Shlomos Familie hatte etwas Geld auf ausländischen Konten und davon haben wir uns noch im Winter '45 diese Wohnung hier gekauft. Wusstest Du, dass dieses Haus mal das höchste der ganzen Stadt war? Und schon im Februar '46 waren Shlomo und ich verheiratet. Ich war und bin seitdem Rachel Goldzweig. Seine Mutter verließ uns keine drei Jahre später für immer. Wir hatten nie Kinder. Ich weiß nicht warum. Es hat einfach nie geklappt. Und vor zehn Jahren hat mich dann auch mein Shlomo verlassen. Er hat das neue Jahrtausend nicht mehr erleben dürfen."

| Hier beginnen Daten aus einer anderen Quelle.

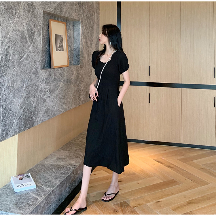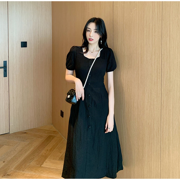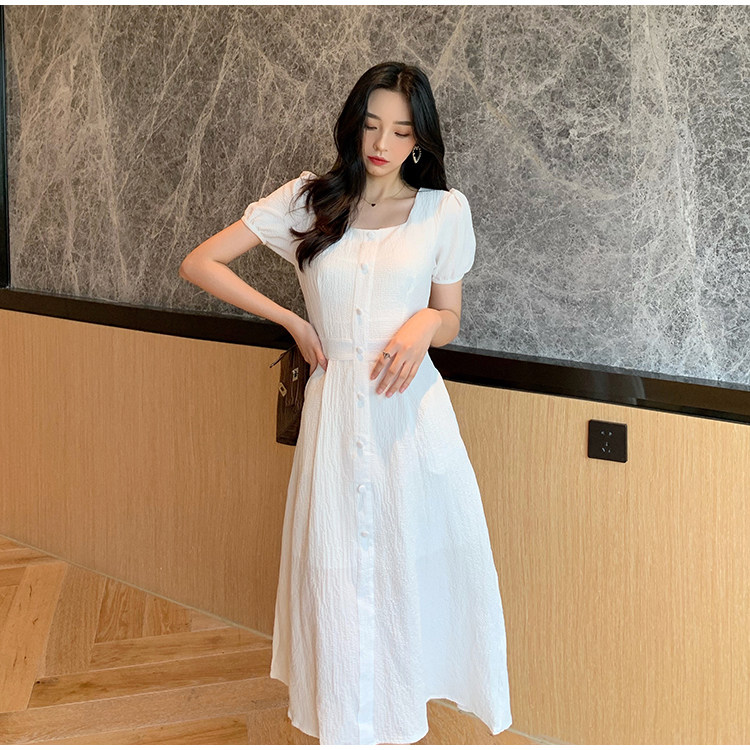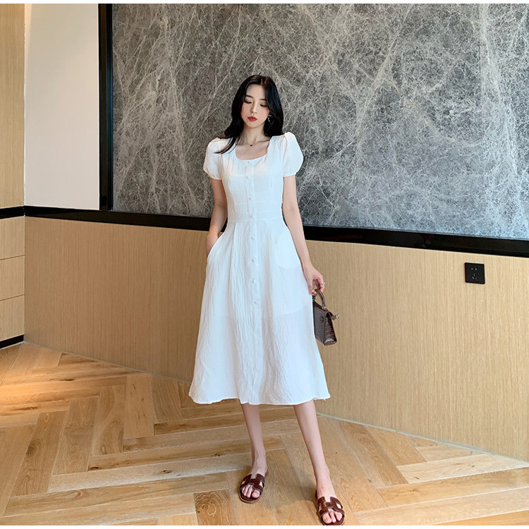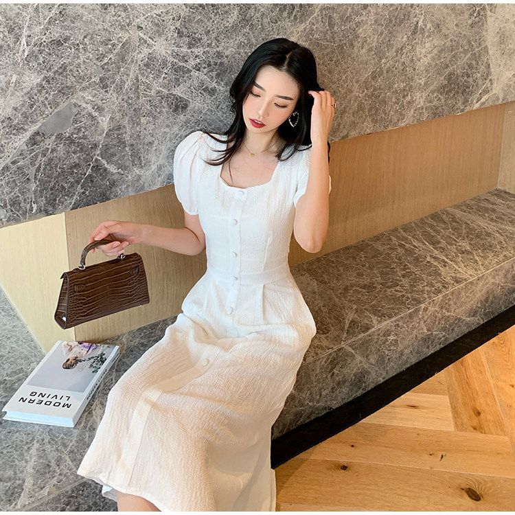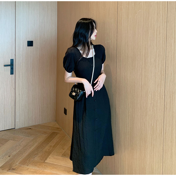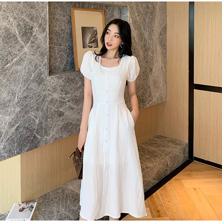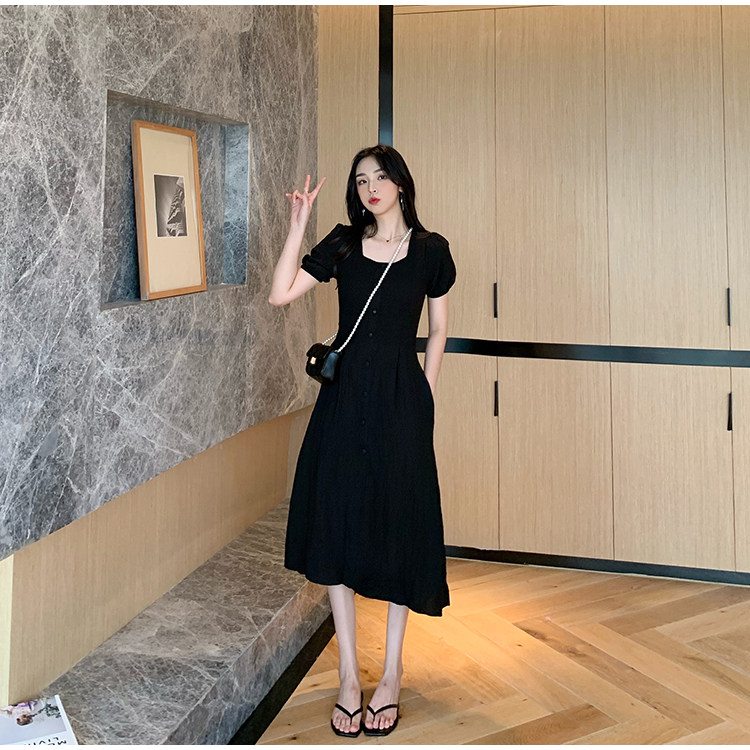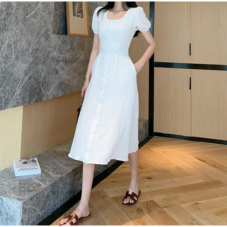 RM13143#韩版方领泡泡袖收腰显瘦仙女裙法式小众中长款连衣裙

Ihre Stimme schwankt und zittert. "Und seitdem habe ich nur sehr wenig Deutsch gesprochen. Das Land habe ich seit fünfundsechzig Jahren nicht mehr betreten. Keinen Kontakt mehr. Und manchmal frage ich mich, ob ich wirklich jemals dort war. Oder ob all diese Erinnerungen nut böse Streiche sind, die mir mein verwirrter Geist spielt. Man sagt, man ist in einem neuen Land angekommen, hat es als neue Heimat angenommen, wenn man beginnt, in der Sprache dieses Landes zu träumen. Ich kann mich nicht an meine Träume erinnern, Bromford. Ich weiß nicht, welche Sprache ich in ihnen spreche. Ist das schlimm?"

Eine Träne läuft quälend langsam über ihre faltigen Wangen. Jetzt zittern ihre zusammengepressten Lippen. Ich halte ihre Hände, und wir sitzen lange in der aufsteigenden Dunkelheit und schauen in das leichte Flackern eines siebenarmigen Kerzenleuchters.